Они уснули, когда к горизонту уже подбирались предрассветные лучи. Из грязного пола местами торчали шляпки гвоздей, но Соль спала крепко, как никогда. Её не тревожили ни сны, ни мысли, ни навязчивые образы. Болезненное прошлое будто исчезло, растворившись в космическом эфире, а мрачное будущее… Оно не имело значения. Всё на свете вдруг перестало иметь значение. Неспящая дышала ровно. Она улыбалась во сне.

Глава 45

Солнце на площади

Императорская процессия показалась на горизонте в полдень. Она не отличалась излишней помпезностью: экипажи были дорогими, но не вычурными, а вместо бесчисленных знамён в воздухе реял лишь один небольшой пурпурный флаг, какой с тем же успехом могли бы использовать в своём походе и военные, и даже особенно патриотичные торговцы. Высокое положение делегации выдавало лишь количество её участников: большая её часть была облачена в военные мундиры и как минимум треть из них носила золотые маски. Лагерь расположился неподалёку от Эо: хоть императрице и предложили выделить лучший дом в городе, её сопровождающие отклонили такой вариант. Даже если отбросить соображения безопасности, решение было мудрым: остановившись в «лучшем доме в Эо», можно было заиметь не только незабываемые воспоминания о гостеприимстве местных, но и вшей. У императорских слуг же всё было на мази, и на поляне за западными воротами вскоре выросли восхитительной красоты шатры. В этом была вся Аврора: её не прельщали роскошь и китч, но она умудрялась всё делать со вкусом, в какой бы ситуации ни оказалась. Будь это приём столичных аристократов во дворце или многодневный поход по размытым фавийским дорогам. Конечно, Сиятельная знала, что шила в мешке не утаишь, да и не стремилась к этому. Как только процессия остановилась, в городе сразу же появился гонец, сообщивший, что Сиятельная с радостью навестит Эо, чтобы поприветствовать своих возлюбленных подданных. Предсказуемо, это вызвало такой ажиотаж, что город стал походить на разорённый муравейник, а горожане позабыли о той чинной личине, что так старательно удерживали с самого вчерашнего утра.

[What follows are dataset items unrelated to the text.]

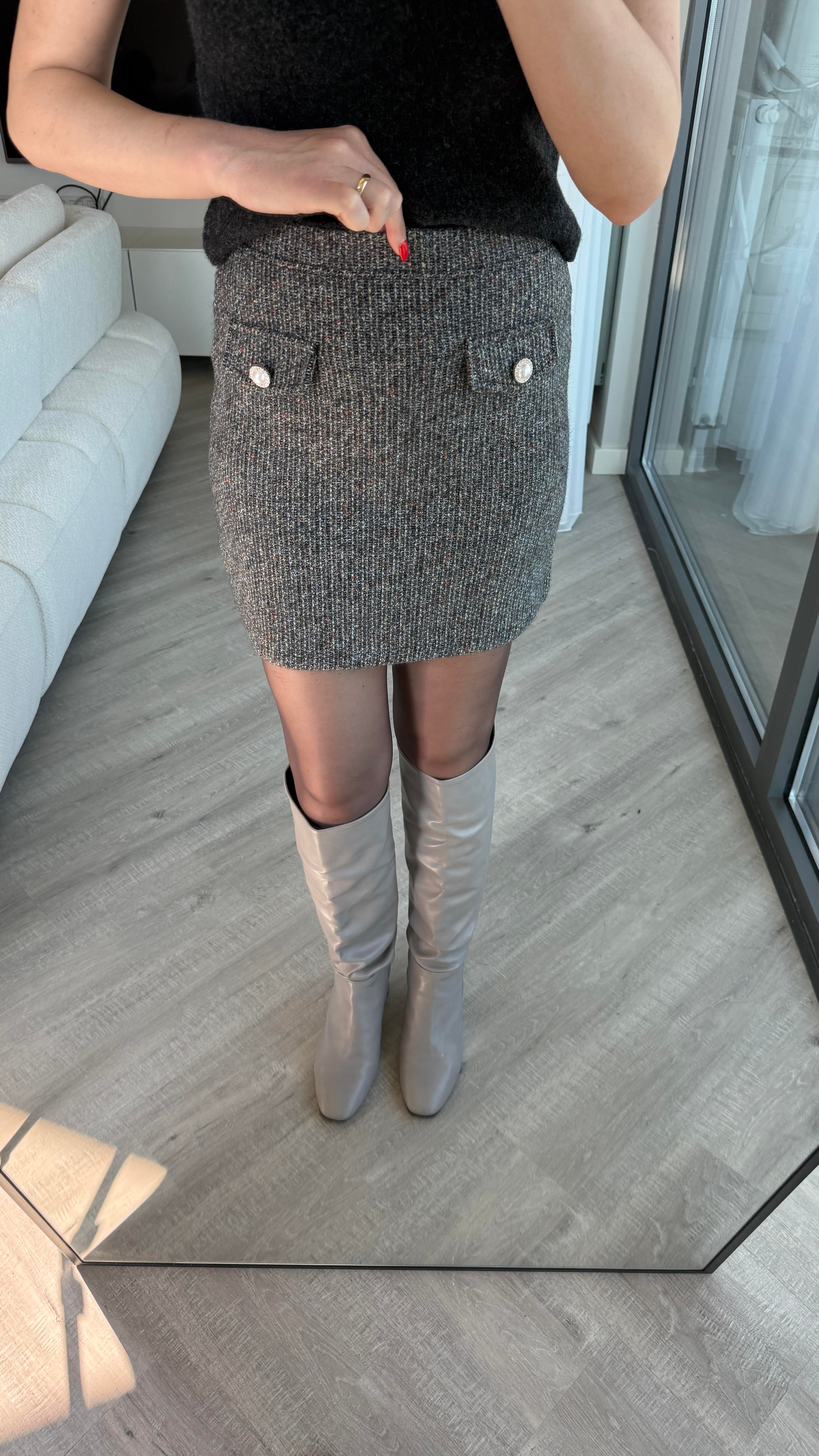 Gri Cep Detaylı Etek
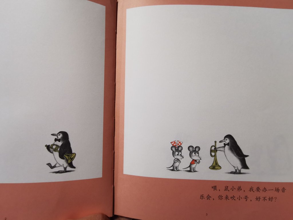 故事讲述企鹅先生要举办音乐会,它给了鼠小弟一个小号,让鼠小弟好好练习。
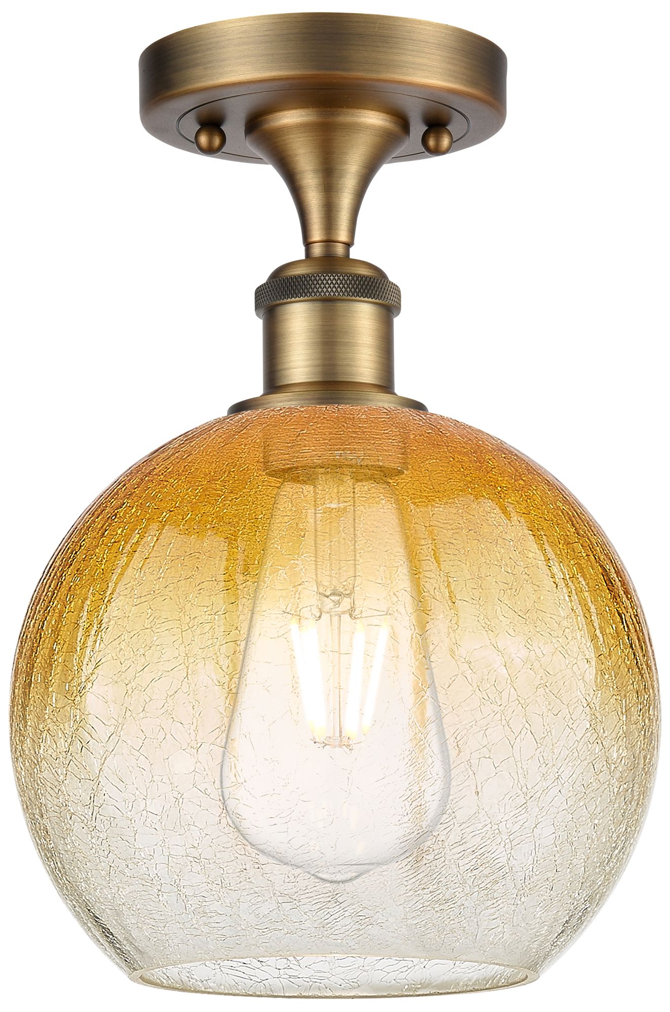 Ballston Brookhaven Globe 8"W Brushed Brass Semi-Flush w/ Amber Shade

Главную площадь, украшенную пошлыми разноцветными флажками из застиранной ткани, стремительно наводняли люди. Кто бы мог подумать, что в маленьком Эо вообще можно насчитать столько жителей! В дни, когда патер надеялся затеять общегородскую уборку улиц или образовательную встречу с должниками-налогоплательщиками, казалось, там жили только старуха с третьей улицы, вечно пьяный машинист в отставке, кичащийся своим значком Общества Железного Колеса, да пара облезлых гусей. Но сейчас эта скромная братия внезапно дополнилась десятками жителей, превратившись в пеструю шумную толпу, нацепившую свои лучшие шляпы и нетерпеливо перешёптывающуюся.